Lunch with a Feminist Icon

A feminist icon has lunch at The Pilot in Toronto

Let me gift you with a feminist trivia game for your next feminist holiday gathering. And I’ll wrap it up with a big hint: the questions all have the same answer.

Question #1: Who was the woman who saved the life of abortion rights advocate, Dr. Henry Morgentaler, by fearlessly stepping in front of an attacker wielding garden shears at Morgentaler during the opening of Toronto’s first abortion clinic on Harbord Street?

Question #2: Who led the fight to get abortion legalized in Canada in the 1980s, while serving as president of the National Action Committee on the Status of Women (NACS), the feminist lobby group that represented more than 700 women’s rights groups across Canada and, from 1971 to 2007, successfully pressured the government to take action on daycare, birth control, women’s right to choose, maternity leave, family law, poverty, racism, women’s equality in Canada’s Charter of Rights, and violence against women—to name just a few issues?

Question #3: Who is Canada’s Gloria Steinem?

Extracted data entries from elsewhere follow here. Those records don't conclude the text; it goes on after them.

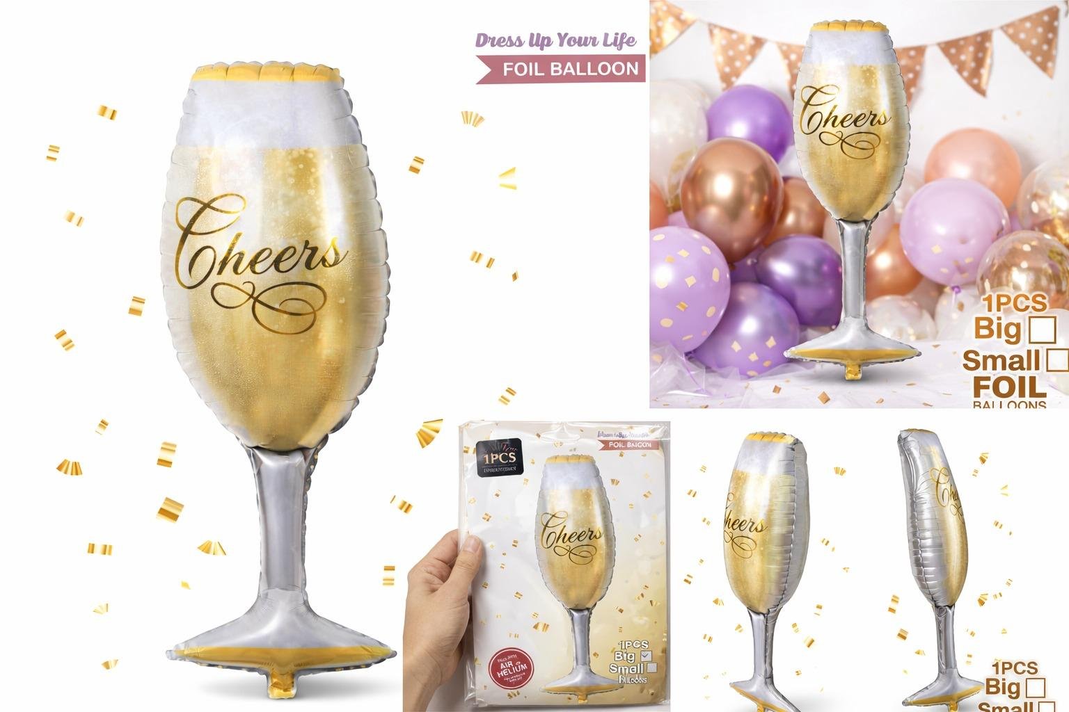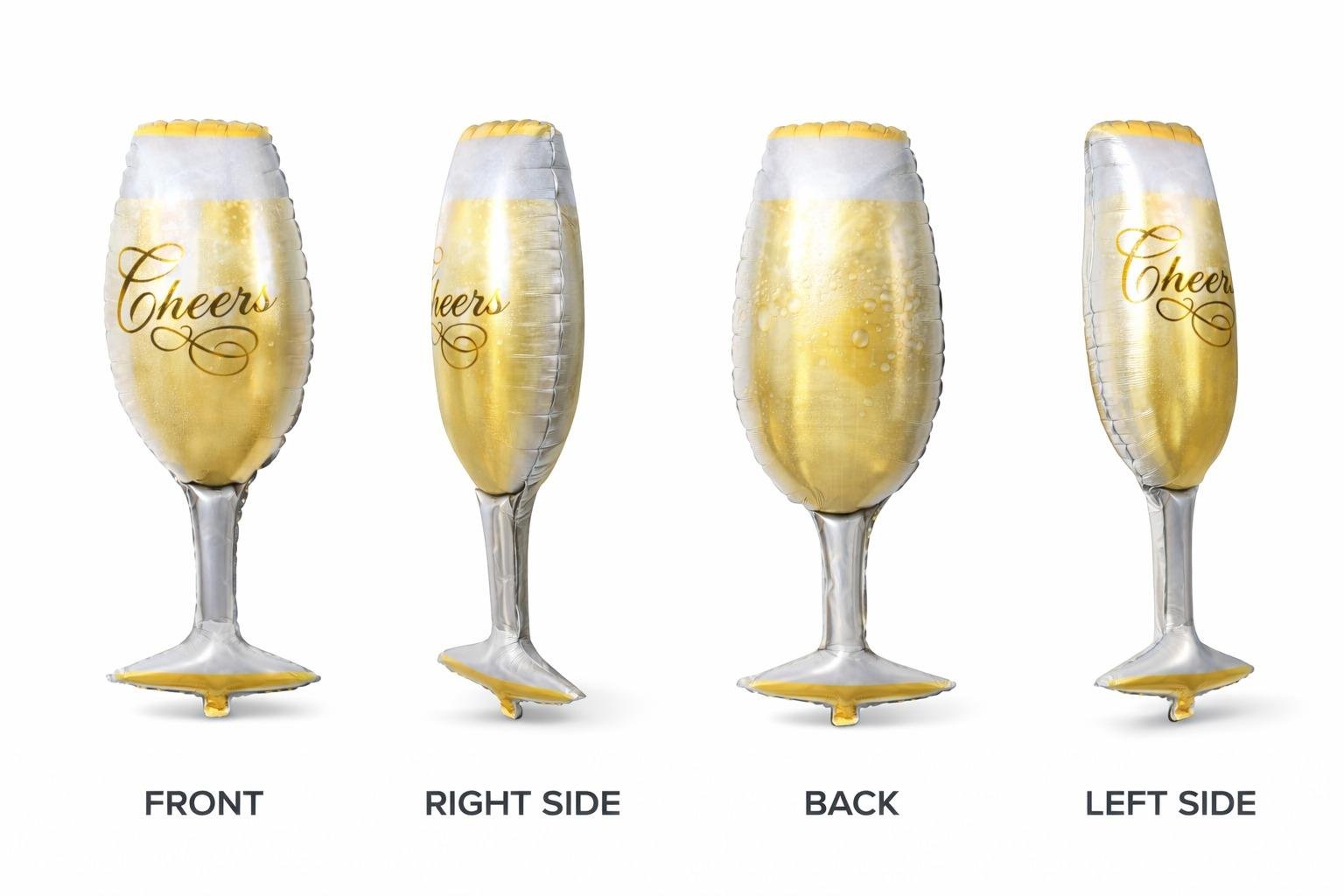 - Party Town 32" Cheers Champagne Bottle & Glass Foil Balloon – Classic set with both a champagne bottle and glass — great for themed décor or balloon bouquets.
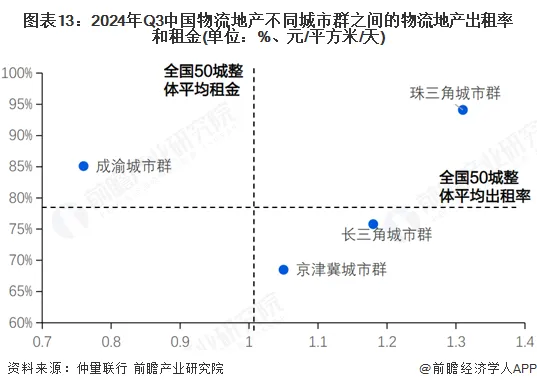 受益于跨境电商驱动,珠三角城市群呈现供需两旺;长三角城市群需求未减弱,但短期供给过剩导致短期存在去化压力;京津冀城市群需求较弱导致中短期存在去化压力;成渝城市群供需相对平衡。
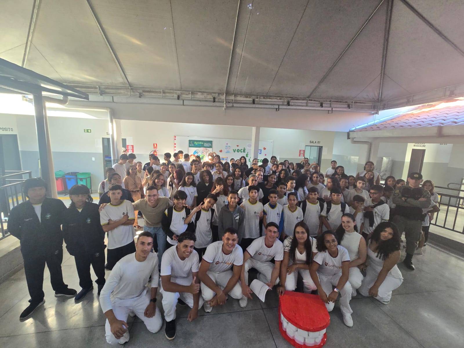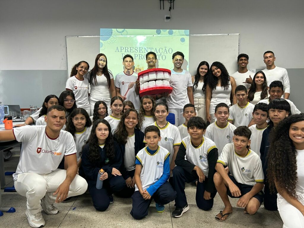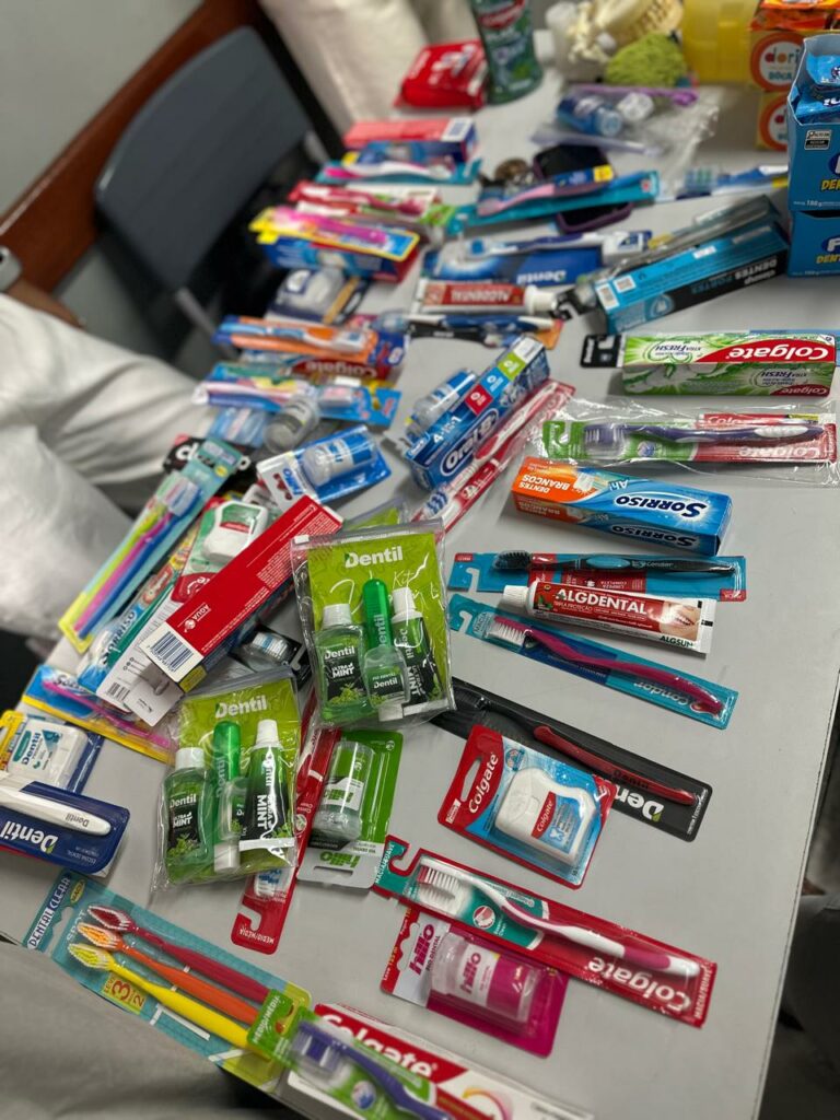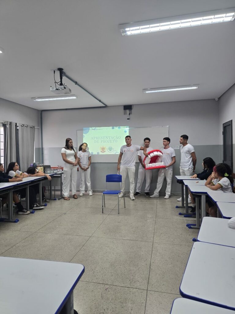 Como parte das ações de responsabilidade social, também foram doados kits de higiene bucal aos estudantes, provenientes do projeto Trote Solidário, iniciativa do curso de Odontologia que incentiva práticas de cidadania e cuidado com a saúde desde a formação acadêmica.

Okay, that’s not an entirely fair question as we like to think Canada has a few. But, on top of authoring seven books, hosting a prime-time TV show, and writing countless articles about the women’s movement and social justice, this woman also co-founded rabble.ca, Canada’s largest independent, alternative news outlet and discussion site, and served as its publisher?

Question #4: Who understood and acted on intersectional feminism—social justice for all women—long before it was a thing?

Still stumped? You can imagine my frustration when I excitedly gabbed to everyone I knew that I was meeting Judy Rebick for lunch! Too often, the response was, Who is Judy Rebick?

Judy Rebick’s latest book is a memoir titled Heroes in My Head

 Who is Judy Rebick?

Well, I can tell you that Judy Rebick is a woman who not only shows up when she’s needed—she gets there early. She was already waiting for us at The Pilot tavern, a hangout for writers, musicians, and artists since Toronto’s Yorkville hippie days in the 1970s. Gordon Lightfoot performed with Bob Dylan here. It’s also steps away from the Toronto Reference Library, a place where writers spend a lot of time.

When I arrived, Rebick looked up. Though we had never met, we recognized each other immediately. Her stance, head of thick but now graying curls, and iconic glasses gave her away. Rebick greeted me with a big “in solidarity” hug. LiisBeth’s associate editor Lana Pesch, rushed from her day job, as eager to meet this feminist icon as I was, joined us soon after.

We quickly ordered coffee and lunch so that we could get down to talking without further interruptions. Rebick, now 73, was as keen to know about us as we were her. We shared histories and some great stories, then I shifted the conversation to a topic we came to learn more about: growing a sustainable media outlet in a time of turmoil for media enterprises in general.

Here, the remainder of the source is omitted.